When I was out, recovering from surgery, I called in to work, to let some fellow employees know how I was, and ask how things were going.

Then they hesitantly asked if they could ask a work-related question. So I said sure, and spent about 20 minutes on the phone explaining how some programs worked, and where they ought to look for that problem. They were very grateful.

So I told them I was just laying in a bed, bored as hell. Call me if they had any questions I could help with. Except that if our conversation went on for a half hour or so, I might fall asleep on them. So then they called every day or two. Sometimes with a question, sometimes just to fill me in on the latest office gossip.

I had the good fortune to have 3 TIA’s while on a business trip for the company’s annual training meeting.

The last thing you want to open your eyes to is your grandboss, her boss and the Uberboss. My boss had managed to get himself canned, or he would have been there also. They were willing to move mountains to keep me happy, probably figuring that it was cheaper than getting sued.

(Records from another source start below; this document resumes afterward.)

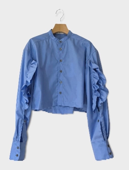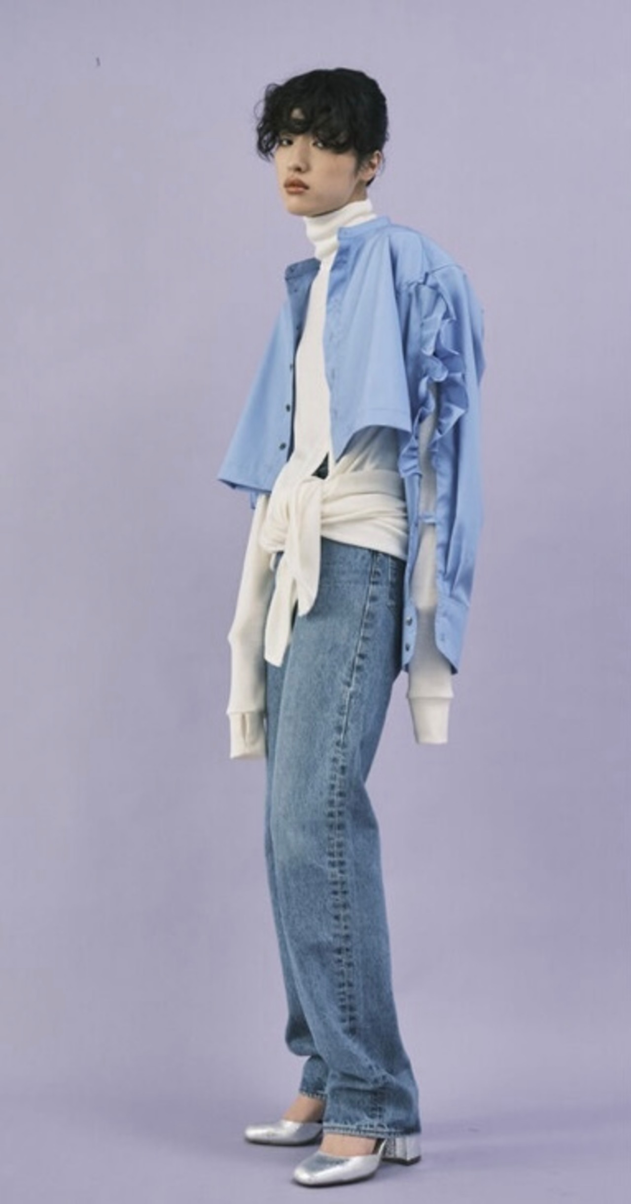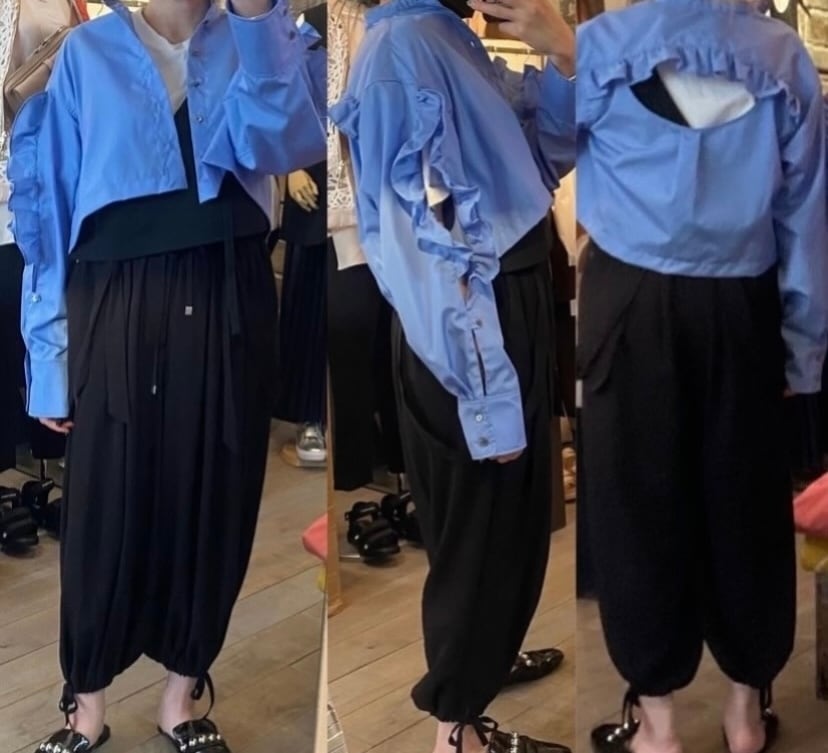 背中のフリルの下はカットされていて中に着ているものが見えるつくりとなっています。お袖も大きなスリットからフリルが出ていてとても遊び心のあるデザイン。
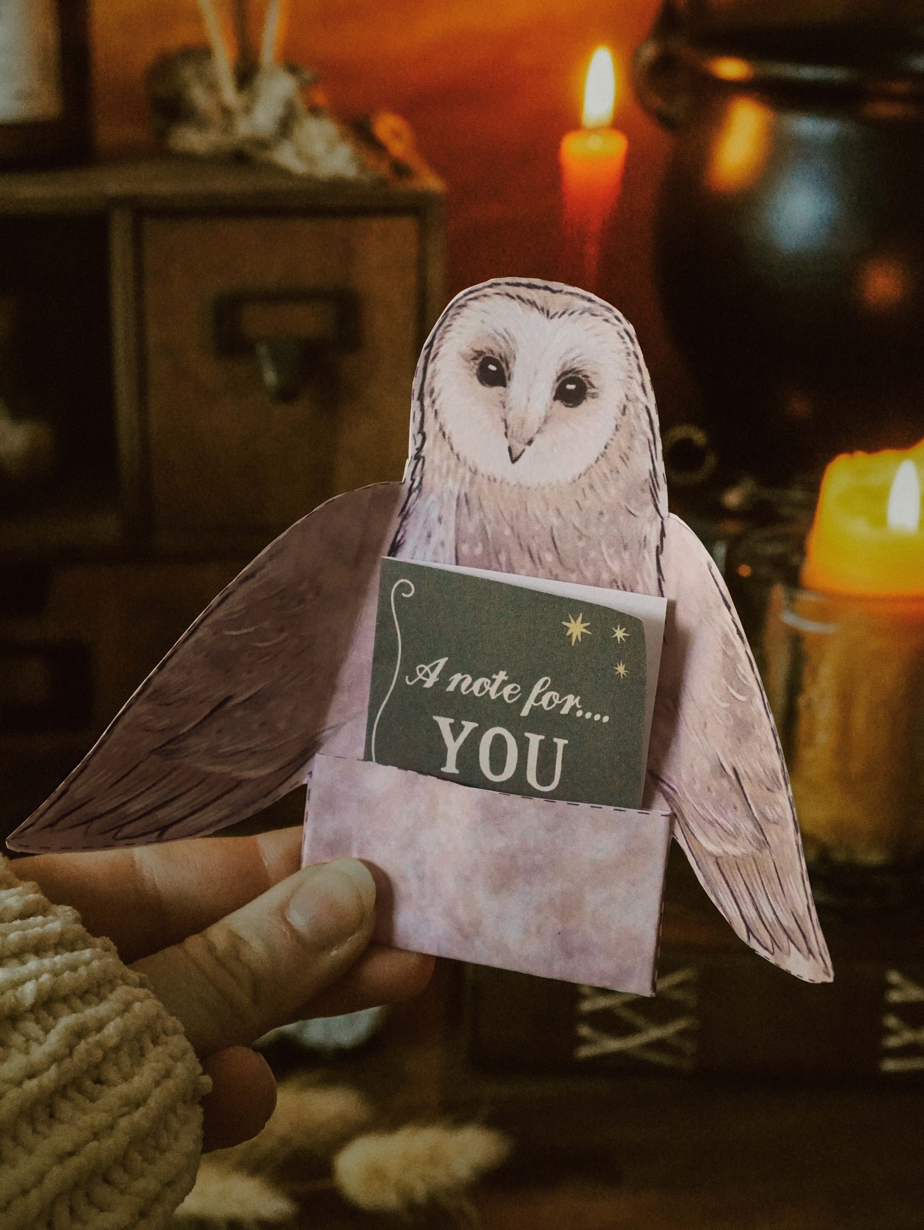 The wise barn owl gently cradles your sweet message, ready to deliver it to loved ones. Take a moment to slow down, craft with care, and sprinkle a little whimsy into your day.
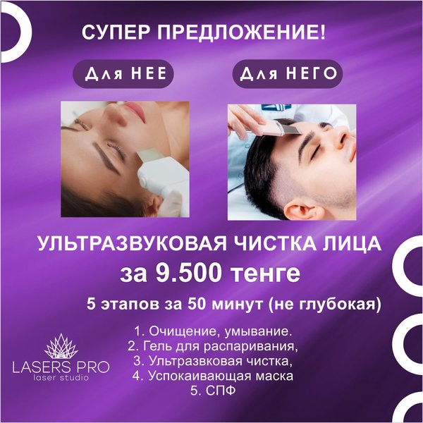 ложенности к образованию шрамов и келоидных рубцов на коже; 7. если у клиента есть заболевания сердечнососудистой системы; 8. при интенсивных проявлениях акне и угревой болезни; 9. во время приёма пациентом лекарств, которые влияют на свёртываемость крови; 10. при воспалениях участка кожи, подлежащего обработке ультразвуком, наличии в организме хронических или острых заболеваний, провоцируемых инфекцией; 11. при склеродермии, красной волчанке; 12. для лиц, не достигших 18-ти лет. -------------------------— «Lasers Pro» Студия лазерной эпиляции -------------------------------------— Адрес: г.Алматы ул. Наурызбай Батыра 47 (между ул. Айтеке би/ ул. Гоголя) Телефоны для записи: +whatsapp) + — Адрес: г.Алматы ул. Жамбыла, 169 (уг.ул. Манаса) Телефоны для записи: + + + whatsapp) ---------------------------------------------— Режим работы: Пн, Вт, Ср, Чт, Пт, Сб, Вс — с 09:00 до 20:00 -
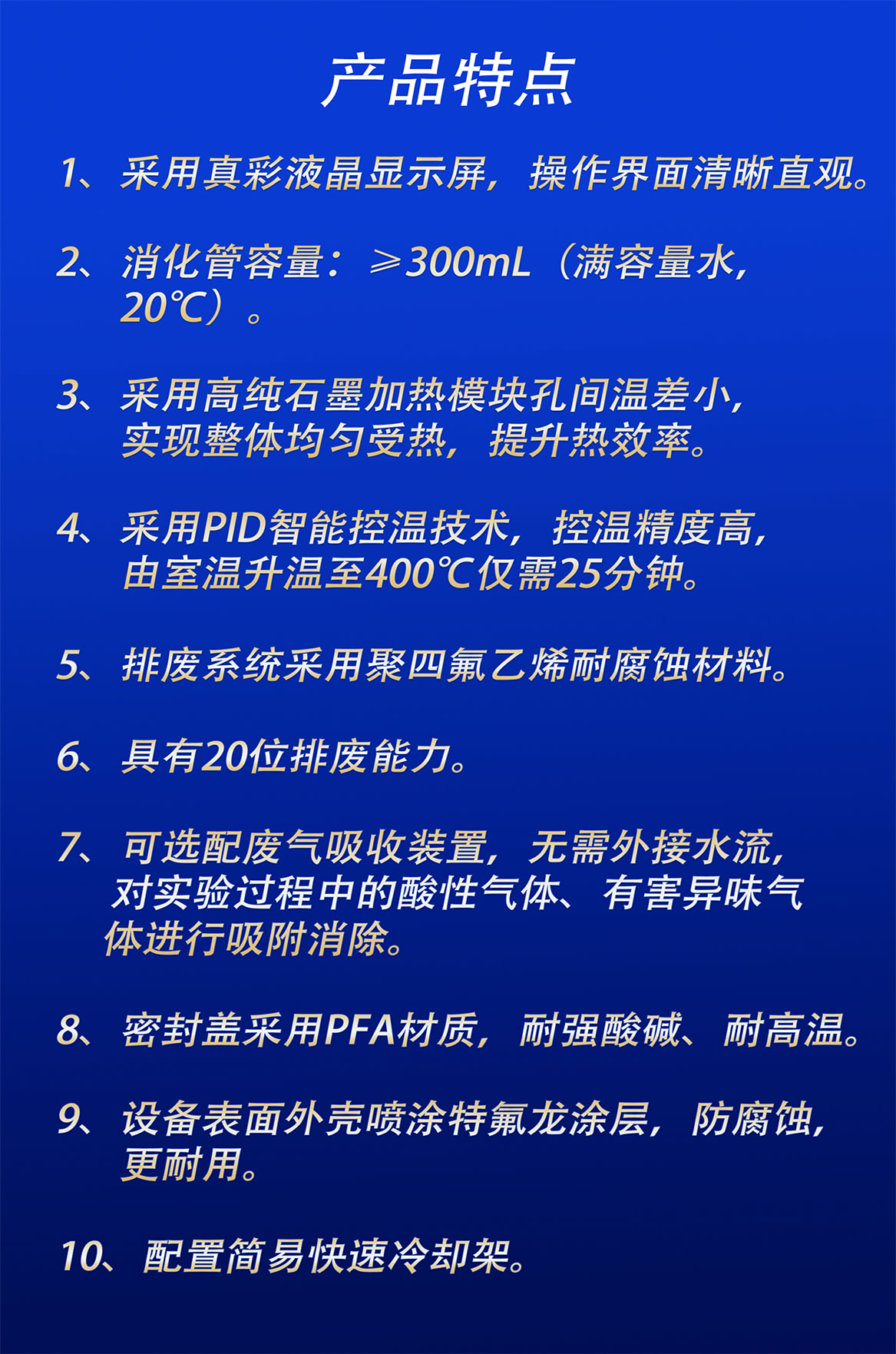 采用PID智能控溫技術,控溫精度高,由室溫升溫至400℃僅需25分鐘。

So I’m about to get back from a two-week vacation and my boss and the other senior IT staff member start in on this whole spiel in our shared group chat about professionalism and that we should keep working hard, and how he doesn’t quite understand how we get all our work down with all the time we spent on youtube and twitch and whatsapp web. This was clearly a stab at one or both of us junior IT staff members, as we were the only other people in the chat. It’s also stupid, passive-aggressive bullshit - if you have a problem with how we use downtime at work, why don’t you talk to us about it?

It’s also profoundly unfair - there has legitimately been a lot of downtime for us, because sometimes, when working as IT support for a company of this size, there is downtime, and we aren’t generally assigned large projects we can work on in that downtime. So our alternatives are bullshit busywork (why yes, I’ll spend another afternoon in the sweltering heat recounting the uncooled IT storeroom that nobody except me even pretends to care about 99.9% of the time) or finding other ways of occupying ourselves while we wait for support tickets.

One of them made a big gag about how we never ask the boss for other tasks - which is straight-up bullshit, I ask so often that it becomes annoying for the higher-ups, because (and they know this) I am super fucking anxious about this kind of shit. I have some serious imposter syndrome shit going on, and I am constantly worried that I’m not doing enough, that I’m forgetting some important task, that my work isn’t good enough (the fact the only feedback we ever tend to get from the boss is “that’s not good enough” doesn’t help).

I’m not even back yet and I already wish I had stayed in Maine.

And there’s my catchphrase of the day. I’ll be muttering “Shoulda stayed in Maine…”

Two weeks ago my work laptop got some system updates and rebooted. When I logged back in all of the user profiles were deleted. Public, Administrator, and of course the most important one, mine. And because I work from home, there’s no network drive to have everything backed up on.

Today there was another update and reboot. I’ve been looking at the splash screen for an hour now and I’m pretty sure it’s not going to come back.

Have you tried shutting it off then turning it back on?

:smiley:

I am amazed that Micro$oft has yet to be hit with a huge class action lawsuit for the steaming dumpster fire that is Windows 10 and it’s required updates.